Uma outra fonte proteica que não podemos ignorar são os suplementos. Existem vários mas vamos apenas falar dos dois mais comuns, a caseína e whey (lactoalbumina). A principal diferença entre os dois é a velocidade de absorção que deriva das suas propriedades estruturais. Ambos são proteínas completas, embora a whey tenha um valor biológico superior. Em nutrição desportiva, a whey é de especial interesse no período pós-treino pela sua rápida digestibilidade, desempenhando um papel anti-catabólico. Por seu lado, a caseína é geralmente ingerida antes de deitar de forma a fornecer aminoácidos ao organismo de forma sustentada durante toda a noite. Aqui, para quem quer controlar o peso, qual a melhor? Se possível as duas! Se não, eu optaria pela. Porquê? Não só tem um digestão mais lenta como também tem uma elevada quantidade de triptofano que, como já foi dito, intervém nos mecanismos de saciedade. Vai ajudar no controlo do apetite. Na verdade, vários estudos sugerem que a whey seja superior neste aspecto devido à presença de glicomacropéptidos que estimulam a colecistoquinina. A escolha fica ao critério de cada um. Mas... são estes suplementos realmente necessários? Nada disso. Mas ajudam. São formas cómodas de obter um alimento que é quase proteína pura, e que pode ser conjugado com outros para aumentar o valor nutricional da refeição. Chamei-lhes alimento propositadamente. Se não o são, a gelatina e leite em pó muito menos. Junte-as a aveia ou sementes de linhaça moídas para uma excelente refeição ou snack. Estes são de facto os únicos suplementos que recomendo.

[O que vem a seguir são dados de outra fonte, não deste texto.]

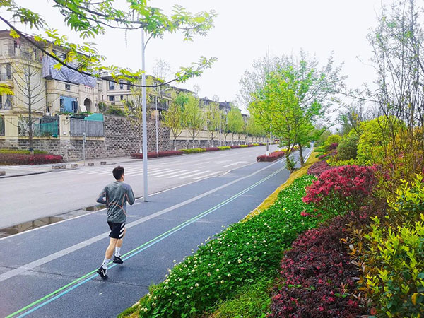 濱江步道的禮義路段,市民正在跑步。中建科工供圖

Agora que temos uma noção do tipo de alimentos que podem ser ingeridos, devemos falar em alguns princípios gerais que devem ser seguidos em toda e qualquer dieta (quase todas) e que já foram enunciados noutro âmbito:
  • Deve comer com frequência, se possível de 3 em 3 horas, e apontar para as 6-8 refeições diárias. A razão é só uma... evitar o binge eating e a compulsão a desviar-se da rotina;
  • Todas as refeições devem ser equilibradas nutricionalmente;
  • Os hidratos de carbono devem ser consumidos em pequenas porções de cada vez, repartidos ao longo do dia de forma a suprir as necessidades energéticas já que a capacidade de os armazenar é limitada;
  • O mesmo se aplica à proteína, que deve estar presente em todas as refeições;
  • Muito provavelmente já ouviu dizer que não se deve juntar hidratos de carbono com gordura. Isso não é totalmente correcto. Não o deve fazer quando a carga glicémica da refeição é elevada, ou seja, se comer uma dose apreciável de hidratos de carbono deve-se ser moderado nas gorduras. Quanto ao IG, a gordura até tem a propriedade de o reduzir numa refeição, atrasando a digestão e absorção dos hidratos de carbono. Por exemplo, um bom acompanhamento para uma refeição de salmão grelhado são as leguminosas e salada. Batatas ou arroz não seria uma boa escolha (claro que tudo depende da dose);
  • Um outro aspecto que aflige alguns é o consumo de sal. Se é normotenso, não se preocupe mas utilize-o apenas para confecção e não adicione nenhum extra. Como à partida vai evitar refeições processadas, daquelas congeladas prontas para microondas, e não vai abusar do pão (que agora tem o teor em sódio limitado por lei), não vai ser possível um consumo muito elevado;
  • Não há problema em beber água às refeições. Essas recomendações baseiam-se na redução do pH do estômago ou na maior rapidez de esvaziamento gástrico, mas 1 copo de água não tem qualquer problema e é certamente mais saudável que um refrigerante. “Estou a beber sumo às refeições porque me disseram que a água engorda” FAIL;
  • Álcool pode ser consumido com bastante moderação claro. Muitas pessoas não têm noção de que as bebidas alcoólicas são bastante densas energeticamente. 1g de álcool contém 7 kcal (lembre-se que as proteínas contêm 4 kcal/g, bem como os hidratos de carbono). No entanto, não é necessário privar-se do seu consumo ocasional e a melhor opção é sempre um bom vinho tinto;
  • Faça o máximo de refeições que puder em casa. Para alem de ser mais económico, torna-se mais fácil manter a consistência da dieta;
  •  Evite ter junk food em casa, mesmo que jure a pés juntos que não lhe vai tocar. Mesmo não vivendo sozinho, a saúde da sua família agradece;
  • A chave é ser consistente. Isto significa que se for rigoroso na maior parte do tempo, pode relaxar a dieta em situações esporádicas. Não programe cheat meals. Tenha-as quando for necessário e não sacrifique demasiado a sua via social.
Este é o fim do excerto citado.